In the Soviet Union times the island was well-known primarily to our military men. The name of the island was often mentioned in the Western media when there was raised an uproar over “Soviet Union’s military presence” in the Red Sea and Horn of Africa Regions. Today also many people, both in Russia and abroad, believe that Socotra was a place where an important Soviet military base was developed like it was in Berbera, on the northern coast of Somali.
Leaving Berbera in 1977 the Soviet Union lost its big port equipped with a mooring, an important communication center, which was eventually transferred to Aden suburbs in the then existing South Yemen, a tracker station, a tactical missile warehouse, as well as a big fuel storage and accommodation facilities for one thousand fifty people. However, since before in relations between the Soviet Union and Somali had been broken off, Soviet military ships preferred rather to anchor off Yemeni Island Socotra’s coast than in the Berbera port.

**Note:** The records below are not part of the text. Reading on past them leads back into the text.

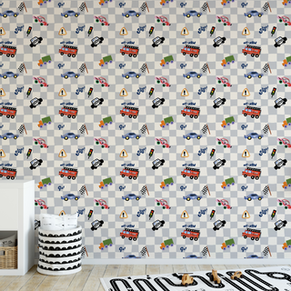 Get your little one's room revved up with our Let's Drive Cars Wallpaper! This grey checkerboard wallpaper features fun illustrations of cars, fire engines, and traffic signs, making it perfect for little one's bedroom. Fuel your kid's love for cars with this playful wallpaper, it's the perfect design if you've been looking for boy's room wallpaper inspiration!
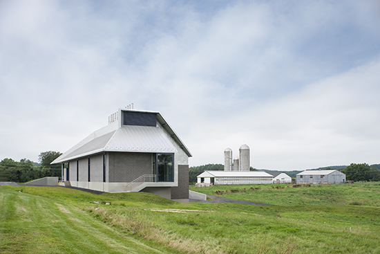 The Pell Laboratory is sited within a cluster of animal research facilities on the Ag Campus of Pennsylvania State University, set within the rolling agrarian landscape of central Pennsylvania. The vernacular landscape surrounding the site contains several simple rectangular barns capped by zinc clad roofs and silos that frame the horizon. The Pell Laboratory builds on these simple traditions, but with an attitude that reflects the cutting-edge program. The Pell Laboratory’s most distinctive feature is its undulating roof form, which houses a complex array of mechanical systems and provides a dynamic silhouette against the tree-lined horizon. The zinc clad roof form collects the twin bars of concrete block laboratories that straddle a central circulation spine framing dramatic landscape views at each end.
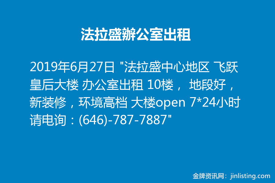 “法拉盛中心地区 飞跃皇后大楼 办公室出租 10楼, 地段好,新装修,环境高档 大楼open 7*24小时 请电询:(646)-787-7887”
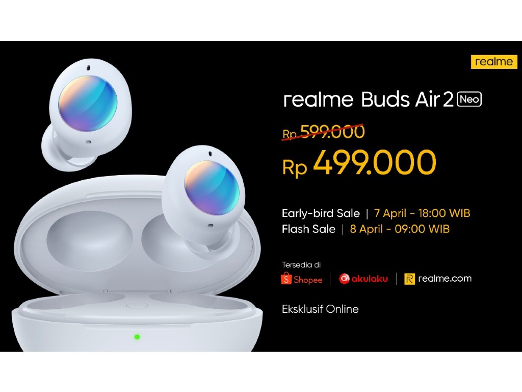 Kemudian ada juga realme Buds Air 2 Neo sebagai TWS dengan Active Noise Cancellation yang terjangkau untuk semua kalangan dengan masa pakai baterai hingga 28 jam, 10mm Driver Dynamic Bass Boost, dan 88ms latency mode, menjadikannya TWS dengan ANC untuk semua orang.

At that Socotra had neither a port nor a mooring. It did not have any warehouses and beach installations, any Soviet airdromes or communication centers or something like that. Nevertheless, in February 1976 the American Intelligence service noted that “Though Soviet combatant ships have a base to stay in Berbera, most of them can be seen not far from Socotra Island at the entry in Gulf of Aden and this practice is apparently going to be continued.” Indeed, it was even after the breach between the Soviet Union and Somali and the Soviet base had ceased to exist in Berbera.

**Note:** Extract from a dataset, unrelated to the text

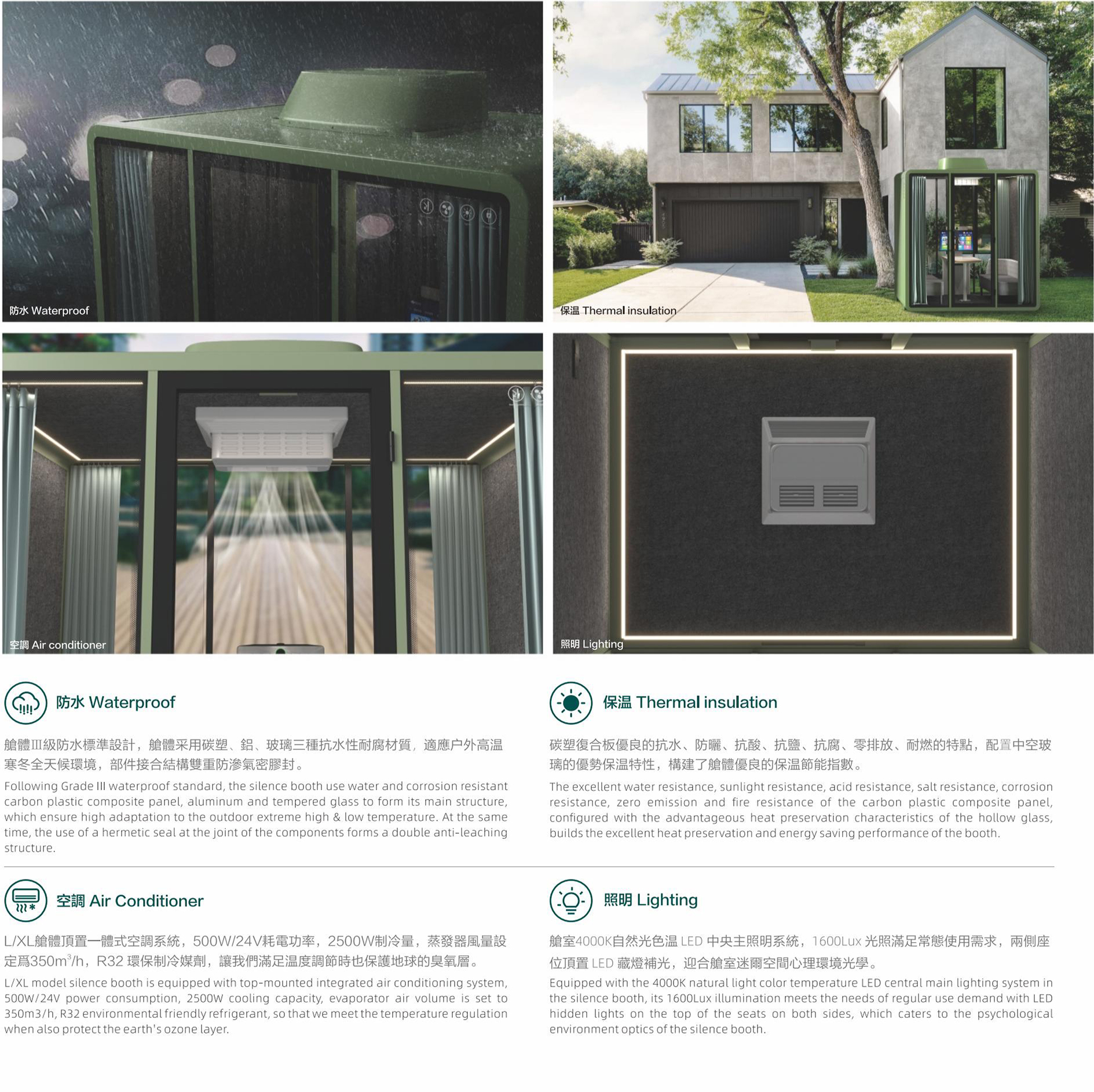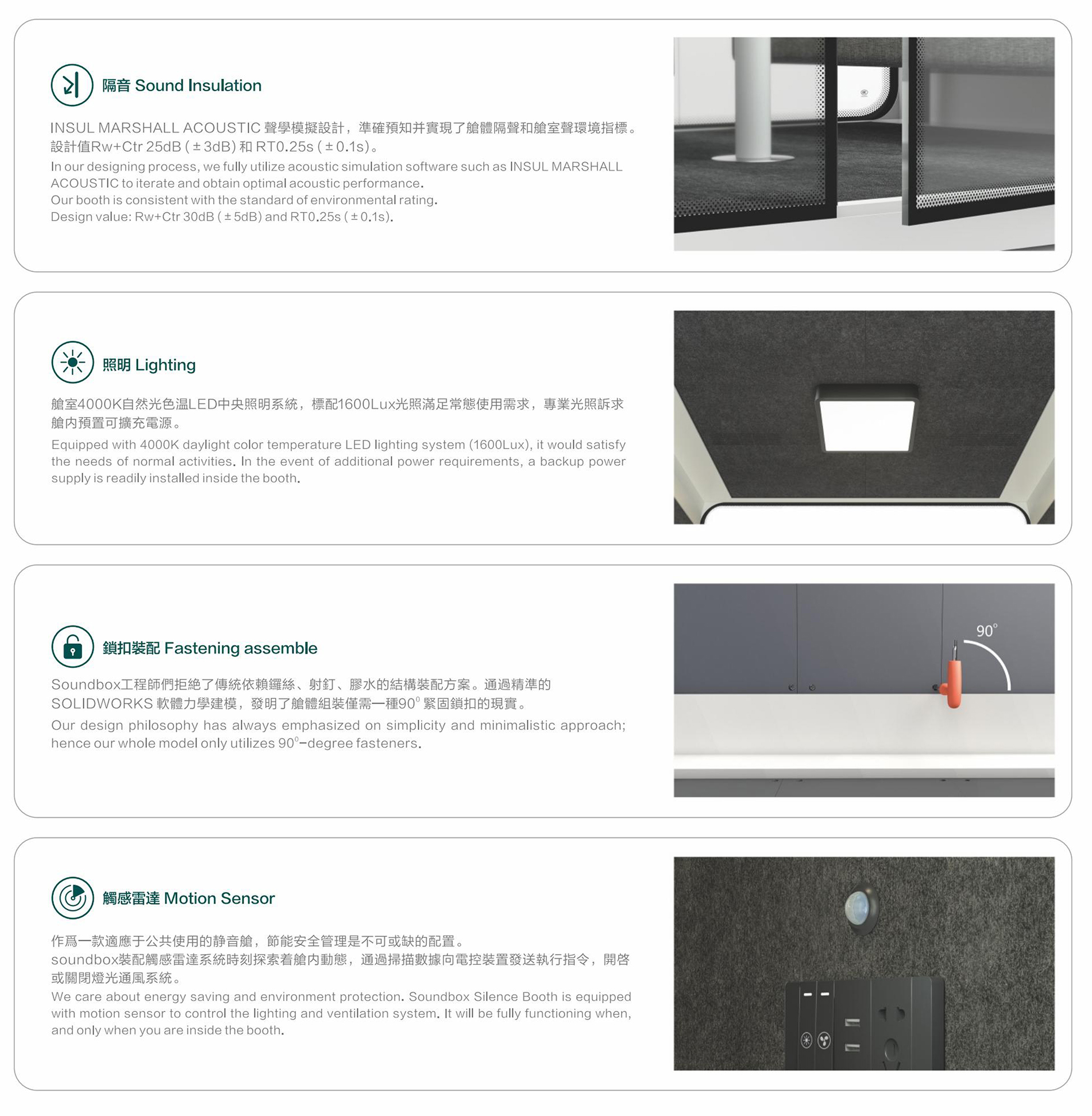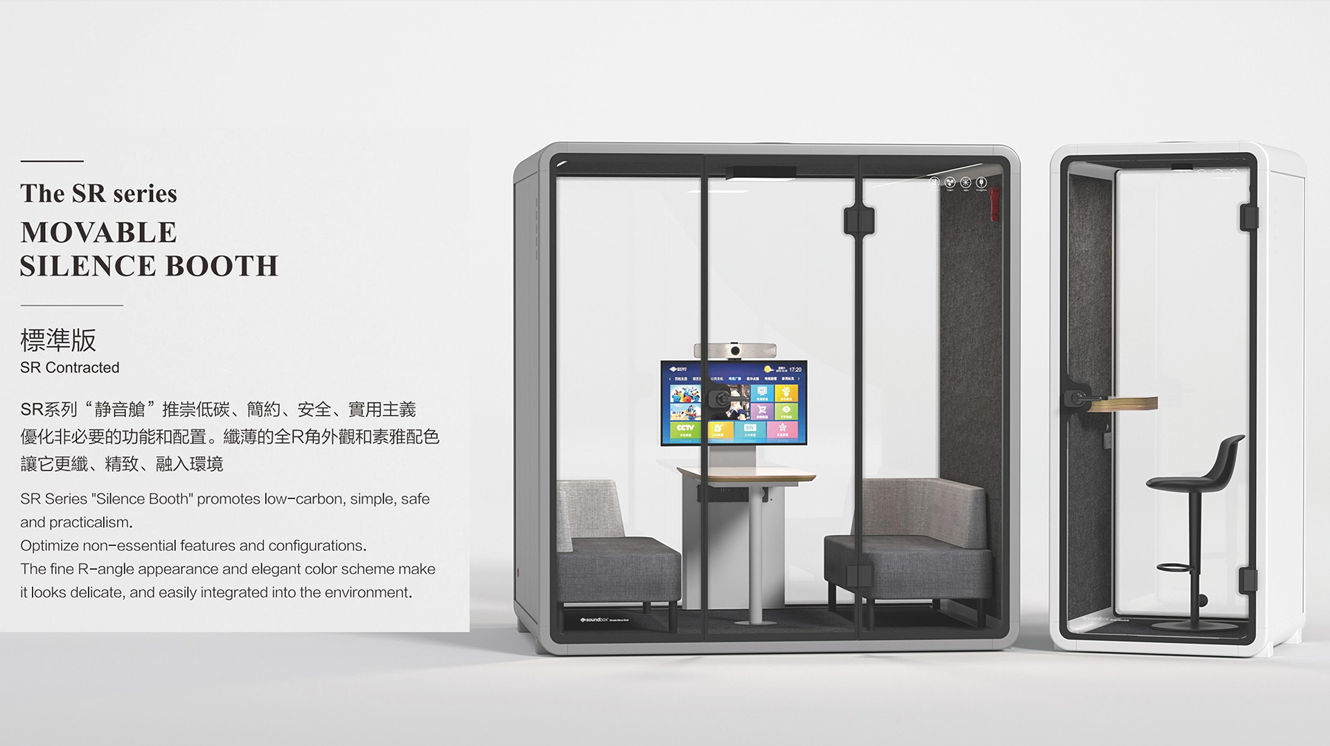 一个灵动的安静空间,满足您无限创想不传统的碳塑复合板、航空铝、隔声玻璃是它的主要组成,SOLIDWORKS软体力学建模让仓体组装仅需一种紧扣件,INSULMARSHALL ACOUSTIC 声学模拟设计准确预知并实现了舱体隔音和舱室音环境指标,它是一个强大,尽管它不是最完美的迷你空间,仓体采用可循环碳塑再生材料 SR系列 静音仓推崇低碳、简约、安全、实用主义优化非必要的功能和配置。从薄的全R角外观和互雅配色让它更精致、融入环境。

However, according to Vladimir Agafonov, a military interpreter and Orientalist, who many times visited Socotra in a professional capacity in 1976-1980, the island has never been used as a naval, air force or rocket base by the Soviet Union. At that time big landing ships of the Soviet fleet assisted the government of South Yemen in supplying consumer goods to the island isolated from blessings of civilization.